# Looking for Fuel pump wire harness



## RichinNO (Jan 18, 2006)

I have a '98 Altima. I must have had a loose/poor connection where the fuel pump wire harness attaches to the bottom of the plate at the top of the fuel tank. The result was that the plastic around the connection point of the plate and harness melted. I was able to buy a new plate from local Nissan dealer, but they are telling me that I will have to buy a new fuel sending unit to get the power supply harness for the fuel pump. The fuel sending unit is fine, and I really hate to spend 88 bucks for a part that I don't need in order to get that little wire harness. 
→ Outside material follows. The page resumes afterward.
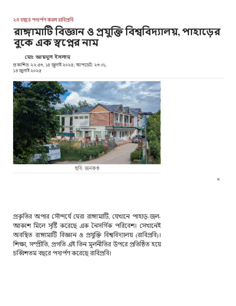 রাঙ্গামাটি বিজ্ঞান ও প্রযুক্তি বিশ্ববিদ্যালয়, পাহাড়ের বুকে এক স্বপ্নের নাম.pdf Published on 14 July 2025 Newspaper দৈনিক জনকণ্ঠ Category Personal Opinion / Discussion / Commentary General Education Download

Anyone know where I might be able to get one without buying the whole fuel sending unit? Any suggestions on a safe alternative?

Thanks


----------



## KA24Tech (Feb 2, 2004)

You could build your own with wire, heat shrink tubing and connectors from Radio Shack. I would check the ground because it sounds like there was a lot of current going thru that. I don't know if this is an alternative but just throwing something out there.

Troy


----------



## RichinNO (Jan 18, 2006)

Thanks, I'll check for a good ground. Do you know if a special type of insulated wire is required in this application. I would think that standard wire insulation could not hold up to continuous immersion in gasoline.


----------



## KA24Tech (Feb 2, 2004)

Actually a good plastic cover on the wire will not have a much problem because it is not flexing. The other alternative if it makes you feel better about it, would be going to a salvage yard or a pull your own parts place and get the connector and harness that way.

Troy


----------



## unbelievableny (Mar 12, 2006)

YOU can not splice tape and heat shrink the harness
It is immeresed in gasoline and you run the risk of the gas tank exploding or a serious fire which could cause serious bodily injury to the occupants as well as the car AND the car or cars you will damage when the explosion occurs

i am in the sme predicament with ny 1996 altimai and for some reason can not locate the 4 inch damaged plug in pigtail harness that connects my fuel pump into the tube plate orafice
nissan dealers in my area say it is nO longer manufactured and local salvage yards say its too old and they dont save parts for a 18 year old nissan altima


So my altima sits in the street either until i find the piece or decide to scrap it altogether
if anybody in new york has this 5 dollat piece as well as the tube plate assembly it plugs in please let me know used is fine as long as its not damaged


----------



## MTips18 (Apr 30, 2010)

I know this thread is old, but you can use a connector off a 95/96 sentra or maxima. They both use the exact same piece as the altima. The maxima connetor is actually two inches longer then the altima or sentra connector.

Tube plates (the part that the wire plugs into) can be bought from the dealer for $30.


----------